Ces zones éloignées sont des piliers du climat mondial en raison de leur rôle dans le cycle du carbone et leur effet albédo, la réflexion de la lumière solaire par la glace. YongyutKumsri/Shutterstock

Après les États-Unis et le Portugal, la France co-organise avec le Costa Rica la 3ᵉ conférence des Nations unies sur l’océan (Unoc). L’image d’Épinal de l’ours polaire seul sur un morceau d’iceberg pour illustrer le réchauffement climatique n’est plus à présenter. Elle pose la question : quelles solutions pour les océans polaires ?

Les océans polaires font face aux mêmes défis que les autres océans. Bien qu’ils restent en marge de discussions, ils abritent pourtant une biodiversité unique, et ces zones éloignées sont des piliers du climat mondial en raison de leur rôle dans le cycle du carbone et leur effet albédo – réflexion de la lumière solaire par la glace. Ils sont également extrêmement sensibles à la pression croissante des activités humaines comme la pêche, le transport et le tourisme.

Alors quelle place des océans polaires dans la stratégie de l’Unoc ?

Océans polaires en second plan

L’Unoc est co-organisée par la France et le Costa Rica. Du côté français, Olivier Poivre d’Arvor est l’envoyé spécial du président de la République pour l’organisation de l’Unoc.
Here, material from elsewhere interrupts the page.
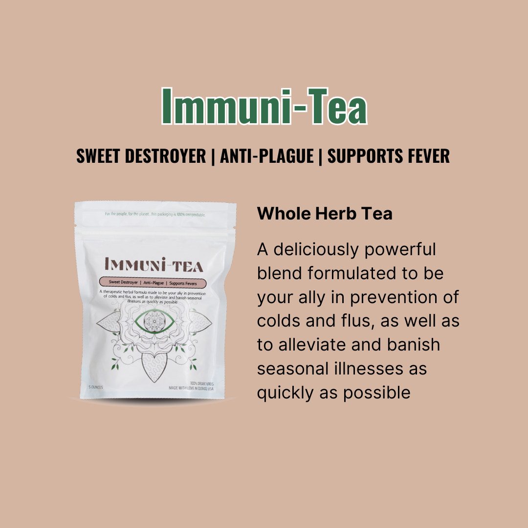 Immuni-Tea encourages heath-giving fevers to run their course with more ease, to support the body's innate defense mechanisms. This tea also aims to increase lymphatic function, to help boost the "good guys" and destroy the "bad guys" running through the system. As with any cold or flu, it is important to stay VERY hydrated. Drink extra water and fluids.
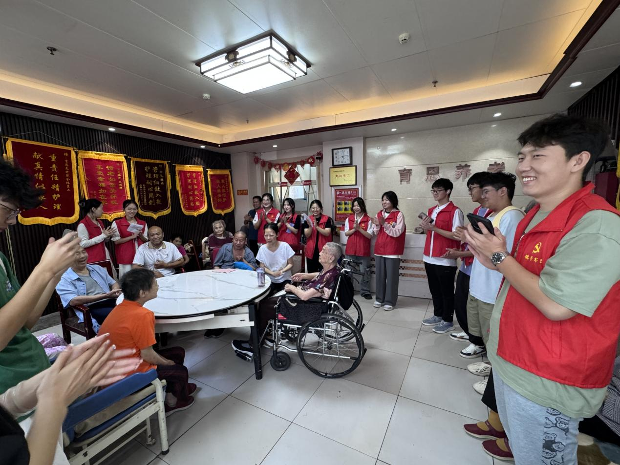 7月2日下午,实践团队成员到达育恩养老院展开活动。首先团队成员许佳欣、张凯贝、李露三人对养老院工作人员进行了心肺复苏的讲解与演示,接着团队其他成员对突发情况的应对、夏季如何防暑及高血糖高血压相关内容进行了简单的科普。为给养老院老人们带去更多温暖,团队成员和养老院工作人员一起演唱了歌曲《我和我的祖国》《强军战歌》等经典歌曲,引起不少老人的共鸣,纷纷跟着合唱。坐在前排的李阿姨开心之情溢于言表:“感谢志愿者们的到来,不仅教会了我们非常实用的急救知识,还给我们带来了很多欢乐。”

Sa casquette d’ambassadeur en charge des pôles et des enjeux maritimes le conduit à rappeler régulièrement que le domaine maritime de la France « la positionne comme nation subarctique grâce à Saint-Pierre-et-Miquelon et subantarctique grâce à ses territoires australs et antarctiques ».

L’Unoc vise à renforcer la mise en œuvre l’objectif de développement durable 14 (ODD 14) sur l’environnement marin, avec trois priorités :

  • Œuvrer à l’aboutissement des processus multilatéraux liés à l’océan pour rehausser le niveau d’ambition pour la protection de l’océan.
  • Mobiliser des financements pour l’ODD 14 et soutenir le développement d’une économie bleue durable.
  • Renforcer et mieux diffuser les connaissances liées aux sciences de la mer pour une meilleure prise de décision politique.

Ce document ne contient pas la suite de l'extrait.